Free and legal MP3: Surfer Blood(instantly engaging, unusually constructed)

“Floating Vibes” – Surfer Blood

“Floating Vibes” has that deep guitar thing going right away, which I always find gratifying. And which always makes me wonder why rock’n’roll has so consistently (and, to my ears, stupidly) glorified the sound of a wailing guitar played so high up on the neck that there’s no room left for the guitarist’s fingers. I’ll take the robust, thoughtful tremor of the lowest register over screechy wails any day. And check out the countervailing seventh notes that begin appearing at 0:20, floating with offhand precision above the darker sound, the quasi-dissonance of that interval perking the ear up in a most welcome and curious way. This song is pretty great before singer John Paul Pitts–known merely as JP–opens his mouth.

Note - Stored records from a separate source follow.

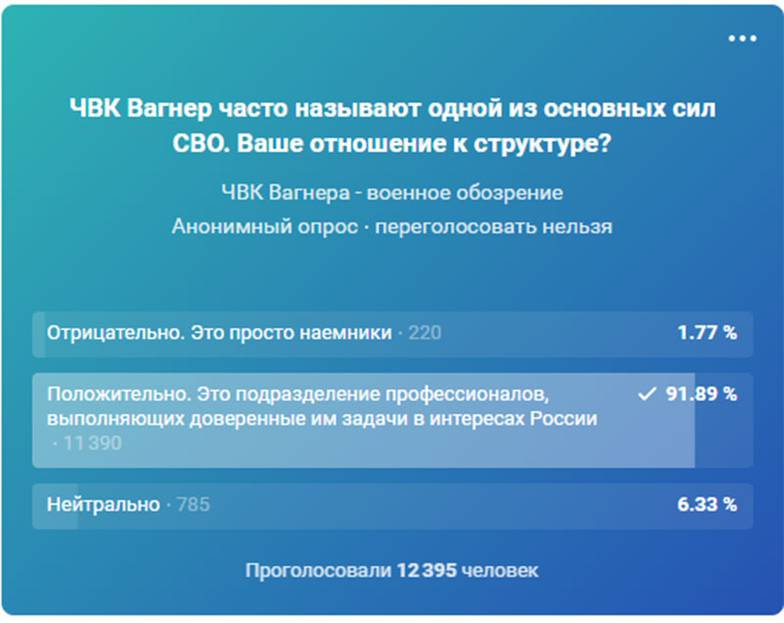 В паблике «ЧВК Вагнера — военное обозрение» состоялся опрос, посвященный отношению участников сообщества к привлечению российских добровольцев легендарного подразделения к специальной военной операции.
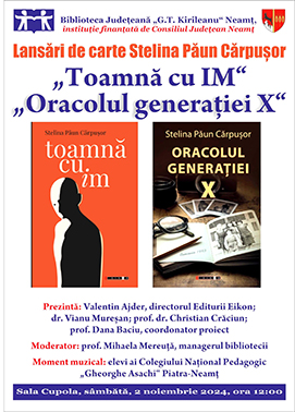 Biblioteca Judeţeană „G.T. Kirileanu Neamţ” a organizat lansarea cărţilor „Toamnă cu Im” şi „Oracolul Generaţiei X” de Stelina Păun Cărpuşor, sâmbătă, 2 noiembrie 2024, de la ora 12:00, în Sala Cupola. Ambele cărţi sunt apărute la Editura Eikon Bucureşti, prima recent, iar cea de-a doua în 2022.
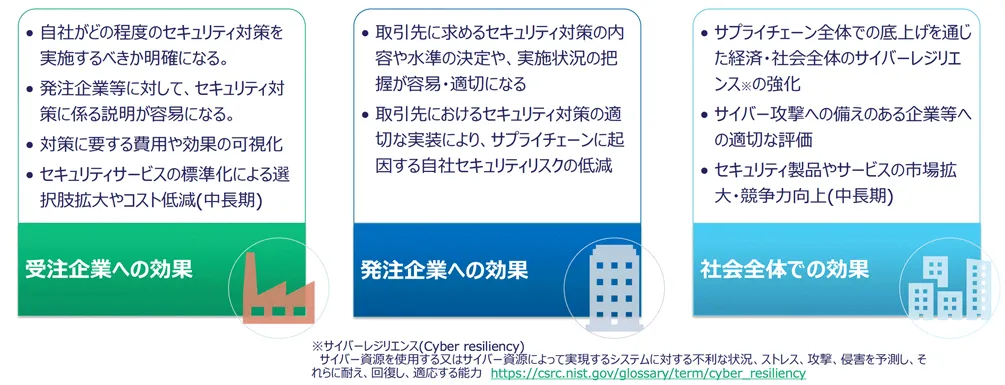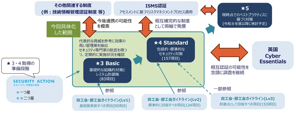 その目的は、セキュリティ対策の段階を「★」の数を用いて評価することで、発注者と受注者の双方が、適切なセキュリティ対策を行い、その対策状況を分かりやすく説明できるようにすることを目指しています。さらに、サプライチェーンにおける各企業のセキュリティ対策が適切に行われるようになることで、経済・社会全体でのサイバーレジリエンス強化も期待できるとしています。
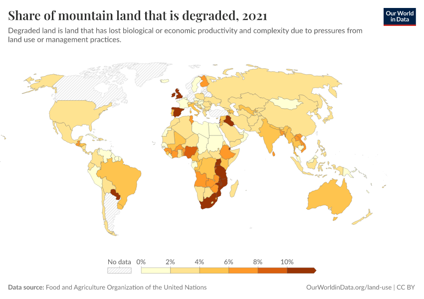 “Data Page: Share of mountain land that is degraded”. Our World in Data (2026). Data adapted from Food and Agriculture Organization of the United Nations. Retrieved from https://multi-dim-redirects-index.owid.pages.dev/grapher/share-of-mountain-land-that-is-degraded [online resource]How to cite this data
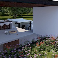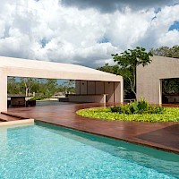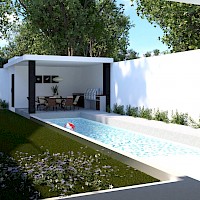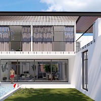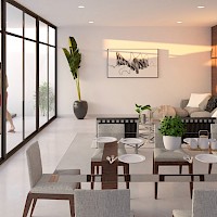 Este proyecto se caracteriza por estar distribuído en 2 niveles, sin embargo, en planta baja encontraremos: habitación principal, sala de tv/oficina, el área social, además de un bar muy cómodo que armoniza el área de la piscina con carril de nado.
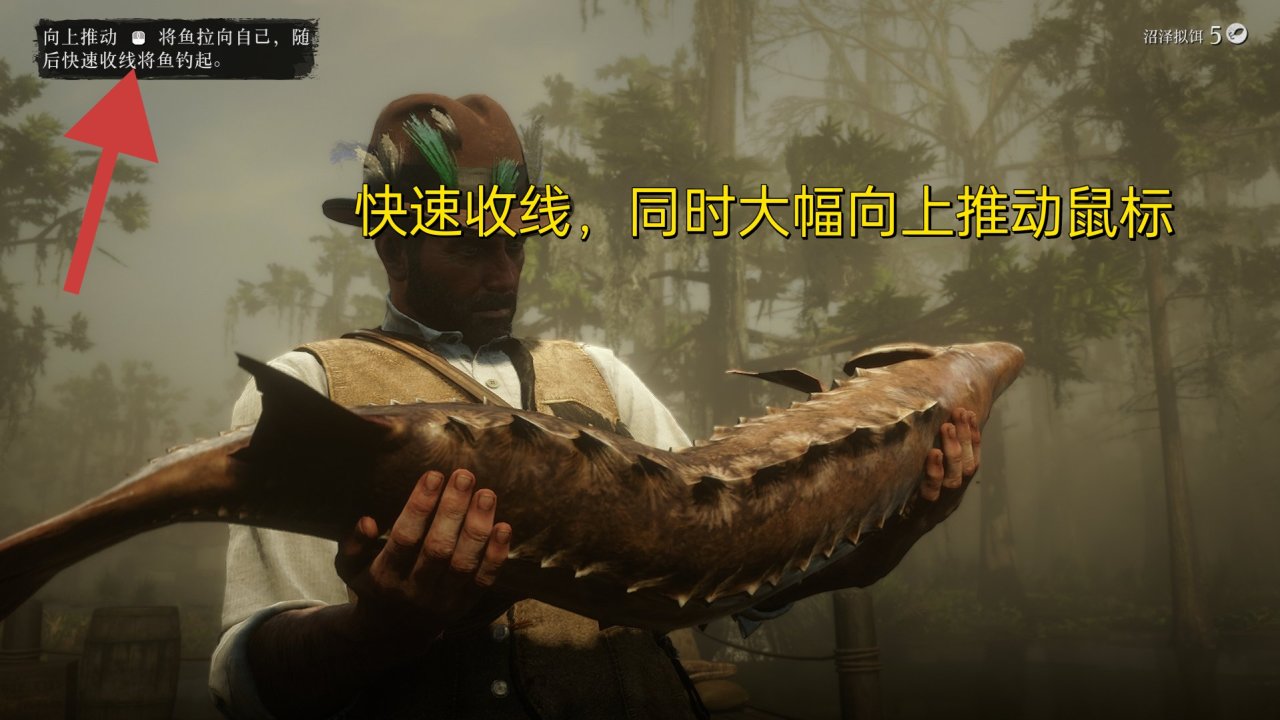 3. 觀察水面,當魚停止掙扎時,左手立刻按住空格,快速點按R收線,同時右手大幅度向上推動鼠標,就可以輕鬆釣魚。⭐注意,在此過程中魚會多次掙扎,一旦開始掙扎,鬆開鍵盤,只用鼠標控制方向。
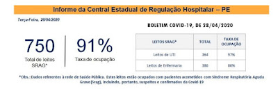 CASOS DO NOVO CORONAVÍRUS EM PERNAMBUCO – Nessa terça-feira, dia 28, a Secretaria Estadual de Saúde de Pernambuco (SES-PE) confirmou, através de boletim, 366 novos casos do Novo Coronavírus. Deste número, 196 casos se enquadram como Síndrome Respiratória Aguda Grave (Srag) e 170 se enquadram em casos leves. Com isso, o Estado totaliza 5.724 infectados (3.884 casos graves e 1.840 casos leves). Laboratorialmente também foram confirmadas 58 novas mortes nas últimas 24 horas, totalizando 508 óbitos pela covid-19 no Estado. (Com informações de Amanda Azevedo/JC. CONFIRA)

And it gets better. The basic guitar refrain of the introduction becomes the verse melody, with the seventh-note question marks now removed, giving the melody a newly grounded sense of certainty. The harmonies that accompany the melody the second time through (1:00) are subtle and ingenious–the harmony voice is pretty much singing one note–and solidify the melodic construction so firmly that the song never returns to it. It turns out that for all its easy-going tunefulness, “Floating Vibes” is subversive with respect to form: there is no standard chorus and no verse that repeats throughout the song. Rather, there are three different verse melodies, separated by instrumental breaks. The first is the one rooted in the introduction, the second is introduced at an instrumental break at 1:16, and the third (2:35) is a kind of mash-up of the first two. The final instrumental section moves onto yet another melody and features a violin, as unexpected as it is effective.

Surfer Blood is a quintet of non-surfers from West Palm Beach. “Floating Vibes” is the lead track from Astro Coast, the band’s debut, slated for released in January on Brooklyn-based Kanine Records. MP3 via Pitchfork.